4) Sempre riguardo all’economia inglese, Trino afferma che “…sembrerebbe quindi riscontrabile un consolidamento del tessuto produttivo”. Ci chiediamo su quali dati (come del resto riconosciuto dallo stesso Trino) sia possibile questa affermazione. 
5) Infine, le indicazioni di politica industriale. Riconosciamo di essere stati generici. Il messaggio che volevamo lanciare nel nostro lavoro era semplicemente quello di sottolineare l’importanza della fase di start-up di un’impresa e dei suoi primi anni di vita (questo ultimo aspetto è emerso dalla nostra analisi dove si segnala la presenza di un basso tasso di sopravvivenza al quinto anno di vita).

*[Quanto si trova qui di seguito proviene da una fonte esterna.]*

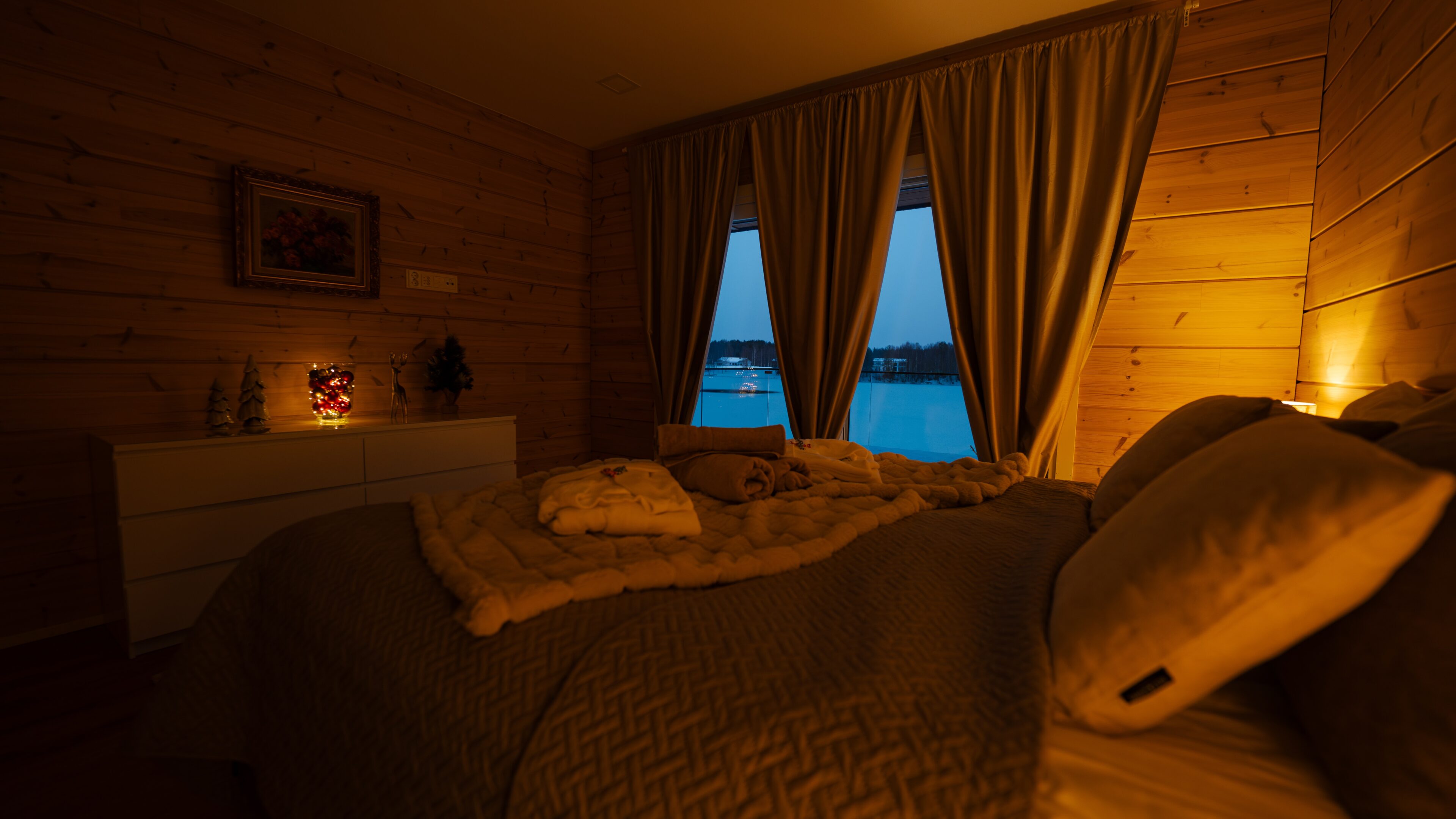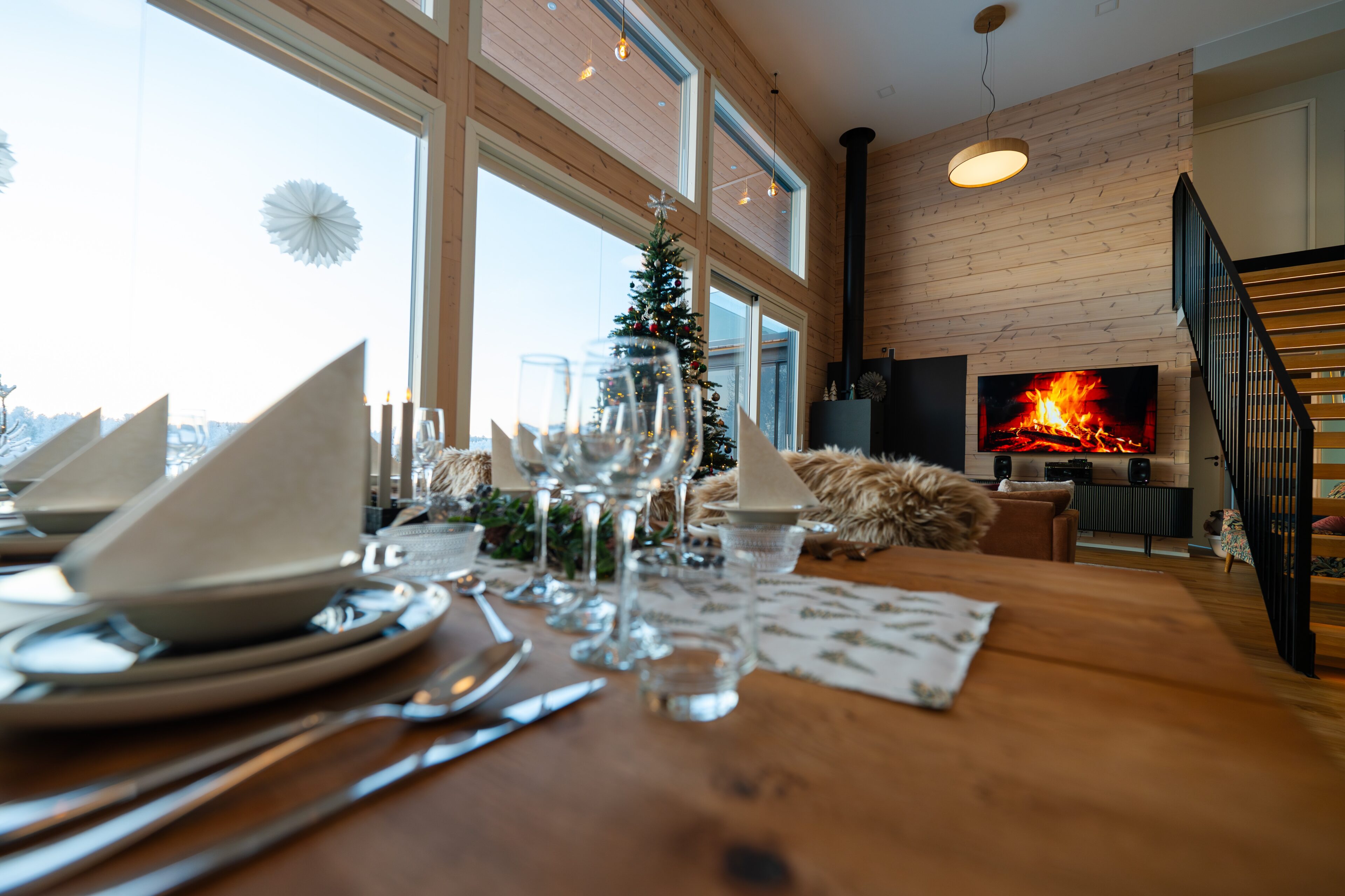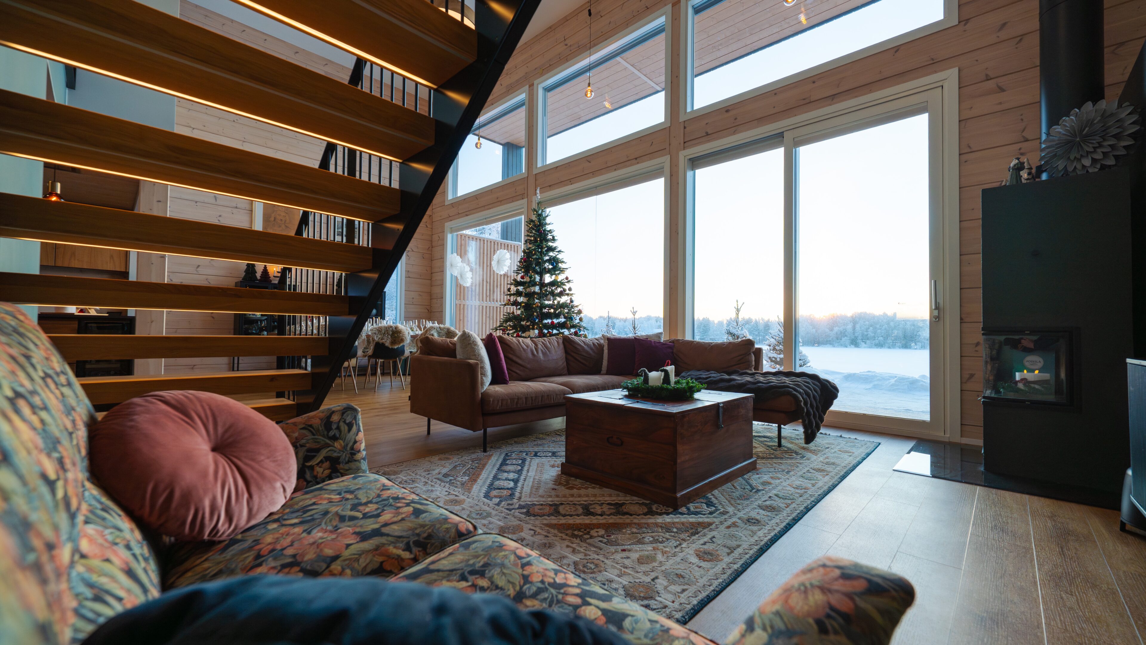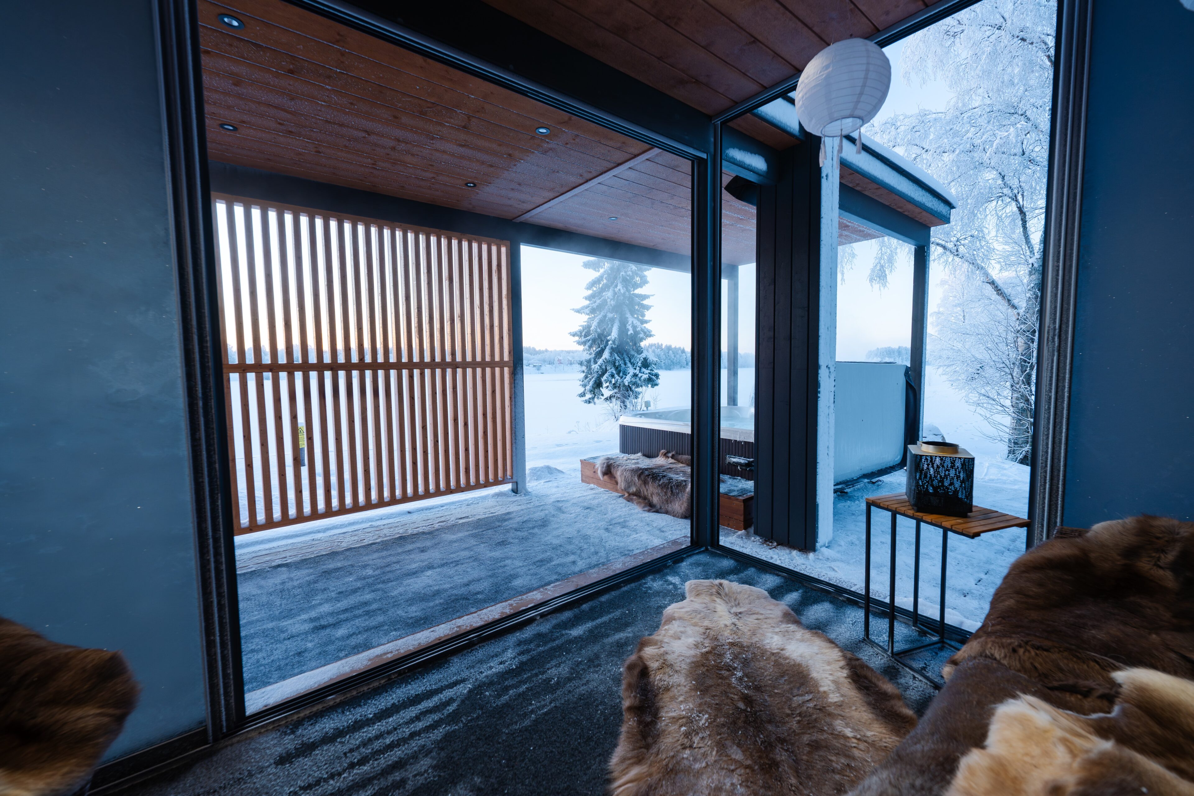 Stunning Indoor Environments: The villa’s interior blends modern luxury with rustic charm, creating a warm and inviting atmosphere. Large windows offer panoramic views of the Kemijoki river and surrounding nature, enhancing your connection to the beautiful landscape.

Scritto da Claudio Trino, il 14-06-2011 14:55
L’articolo dei Carnazza intende aggiungere un tassello informativo alle più tradizionali analisi sugli effetti della crisi internazionale. Non è tuttavia chiaro il nesso tra i tassi demografici d’impresa e le conclusioni del contributo: i suggerimenti di policy sono slegati dall’analisi e, in quanto generici, potrebbero essere validi a prescindere. L’analisi dei dati è confusa: il riferimento temporale utilizzato differisce da un Paese all’altro, non consentendo un’agevole comprensione del testo. Spesso si commentano dinamiche che precedono la crisi, il cui avvio è come noto databile nei primi mesi del 2008. A titolo esemplificativo: l’incremento del tasso di mortalità statunitense è difficilmente attribuibile alla crisi, dato che la tendenza è in atto almeno dal 2005. Analogamente si associano le dinamiche di Regno Unito e Usa, che però appaiono difformi: nel primo caso l’effetto della crisi sulla mortalità sarebbe positivo fino al 2008 per poi invertirsi di segno nel 2009; negli Usa la relazione resta diretta in entrambi gli anni. Ancora: si può davvero commentare negativamente la dinamica del Regno Unito? Nel 2009 aumenta la mortalità ma si osserva una flessione sia della natalità che della percentuale di fallite. Sembrerebbe quindi riscontrabile un consolidamento del tessuto produttivo, anche se il dato in sé non consente giudizi attendibili. Senza entrare ulteriormente nel dettaglio dell’analisi, si rileva come l’utilizzo dei dati di natimortalità si prestino spesso a interpretazioni poco chiare, non avendo per loro natura una connotazione chiara (a meno di essere coniugati con ulteriori informazioni, per esempio su occupazione e produzione). In ultimo, ammesso che sia condivisibile il punto di partenza dei suggerimenti di policy (si fa presente che la maggiore debolezza delle imprese giovani è endemica e non dipende dal presunto minor radicamento nei mercati nazionali e internazionali), buona parte delle indicazioni andrebbero estese all’intero tessuto produttivo. Eventuali misure specifiche sulle start up dovrebbero essere mirate a controbilanciare il rischio di selezione avversa che penalizza i progetti più rischiosi e innovativi nei rapporti con il sistema creditizio.